ÁRBITROS DA VIDA
O
"nonsense" de cada dia
"Considerar
a nossa maior angústia como um incidente sem
importância, não só na vida do universo, mas da nossa
mesma alma, é o princípio da sabedoria."
Fernando Pessoa
Alquebrada em fragmentos dissolutos, vai ela
por caminhos nunca antes trafegados. Sóbria, resta-lhe a rotunda carcaça da
solidão imaculada. Não serviu a ninguém, não se serviram dela. Se olhos tivesse
estariam secos. Se no espaço das chispas de compreensão e paciência delongassem
mãos com roliços dedos, crispar-se-iam pela eloquência do silêncio imposto. Se
uma cabeça lhe tomasse a direção servir-lhe-ia em sacrifício. A
contemporaneidade queimou o tempo de sua santidade. Por onde anda a sabedoria?
Esfarrapados, rotos corremos em quatro apoios
pelas praças vilipendiadas. Fatos encarceram os dias em movimentos sem sentido.
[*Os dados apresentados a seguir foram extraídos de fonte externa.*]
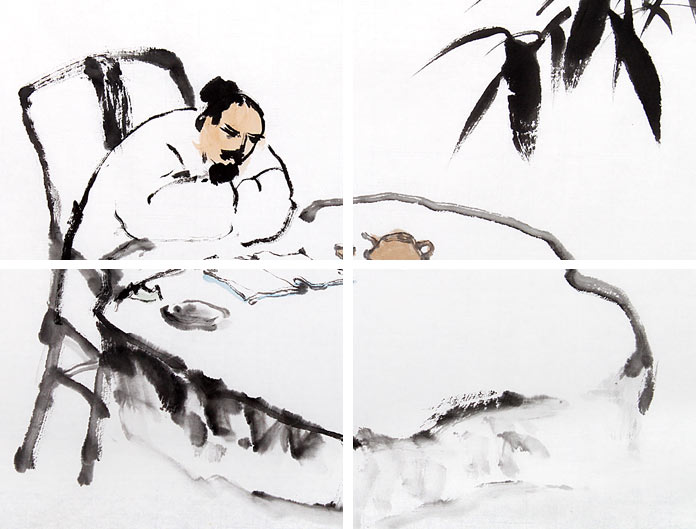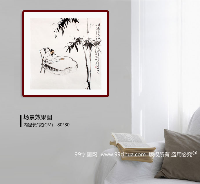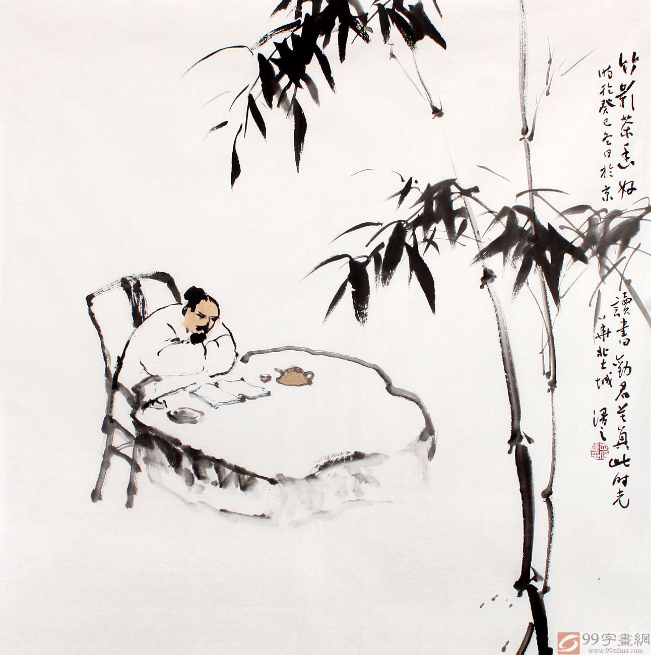 【作品簡(jiǎn)評(píng)】(99字畫(huà)網(wǎng)藝術(shù)評(píng)論員曉曼)陳漫之先生的這幅作品《竹影茶香好讀書(shū)》,描繪兩株秀挺的青竹之下,一老者坐于凳子上,兩手揣袖,專(zhuān)心致志地讀書(shū),桌上放有茶盞、筆墨等,一副專(zhuān)注讀書(shū)的神態(tài)躍然紙上。此畫(huà)墨竹用筆瀟灑,巧妙分割畫(huà)面,人物用筆雖簡(jiǎn)而神態(tài)畢現(xiàn)。

O que nos acontece toma proporções homéricas e, desde um olhar enviesado
recebido na fila do banco às catástrofes fustigantes, o filtro dos valores e
sentimentos liquidifica os fatos em proporções desmedidas.
Cadê a
sabedoria? Ficou presa a sacrários inatingíveis nos limites de histórias que
não se revisitam no dia comum dos humanos assoberbados? Pensar, faculdade dada
aos homens de boa vontade, estagna-se infrutífera diante da ansiedade, da
pressa, do destempero, das frustrações, das necessidades urgentes de saciar o
corpo e... saciar o corpo.
O corpo, com sua inteligência própria,
particulariza exigências, imobiliza energias, aciona os autômatos modernos:
homens de boa vontade que deixam o "bonus-
qualidade do que é bom/Latim" vazar pelo ralo das mãos sequiosas. A
vontade, enquanto movimento dos sentidos mais ou menos conscientes, agrupa
iniciativas em torno de si mesma. "Estar" no mundo é
"estar" voltado para o centro das próprias e únicas agruras.
A sabedoria perde status e junto com outros valores, serve de ícone para caracterizar
os perdedores, os bobos, os sem poder, os filósofos de
porão, os terroristas da cultura.
Pensar redondo está na contramão do sucesso pessoal. Se meu calcanhar dói, não me desperta comiseração saber que o estômago
alheio esfola-se vazio de comida, de educação, de saúde, de esperança. Meu calcanhar dói, e o mundo deve girar
em torno dos lenitivos imediatos para a supressão da dor que se topicaliza.
Está
aí uma das chaves para pensar o que fazemos com o que temos nas e às mãos. Meu calcanhar dói...,
Teu calcanhar dói..., Nosso calcanhar dói... No rol das ações
instituídas, a escola enfastia os alunos com o estudo das classes morfológicas
das palavras e qualquer escolar rapidamente identificaria os pronomes
possessivos nas construções em grifo. Sim, identificariam os pronomes. Mas
tenho dúvidas sobre o alcance da leitura quanto às implicaturas e
desdobramentos que os sintagmas inferem. Até porque, o ato de inferir é um
mecanismo no processo da sabedoria desenvolta e maturada na capacidade de LER O
MUNDO. Então, à escola caberia desfraldar campanhas de caça à sabedoria
encravada no âmago dos calcanhares doloridos? Caberia? Não sei! Não acredito em
ações isoladas, mas certamente vislumbro outras possibilidades para as
instituições de ensino arraigadas ao preparo infrutífero de estudantes que
aprendem a repetir, repetir, repetir para uma vez mais repetirem tudo outra vez
com muito sucesso no caduco funil dos
vestibulares capengas. Para esse tipo
de sucesso, a sabedoria passa longe, assombrada pelas angústias de um saber inscrito em outra categoria
conceitual.
Imagine-se um quadro dentro do qual se
perfilasse um especialista em sabedoria: seria tão inverossímil quanto
contraditório, pois os diplomados pela
vida não recebem certificado nem titulação. Contudo, se a soma de nossos
investimentos se dobrasse um pouco, só um pouquinho para o rastro menos
umbilical, egoísta, hedônico, poderíamos pensar na possibilidade de aprender e
amadurecer na troca simples dos dias que seguem os dias. Seria pedir demais?
Que não me roubem o direito de sonhar com o crescimento sustentável
ecologicamente planejado para o intelecto humano. Salvar as florestas é uma
ordem, limpar o planeta é imperioso, mas eu quero sonhar também com a
possibilidade de saneamento para aquela "entidade" que habita atrás
dos olhos esfumaçados do homo sapiens.
O saber egoísta determinou holocaustos na história. Vamos repeti-los? A
arbitragem continua.
Que a sabedoria nos alcance...em tempo!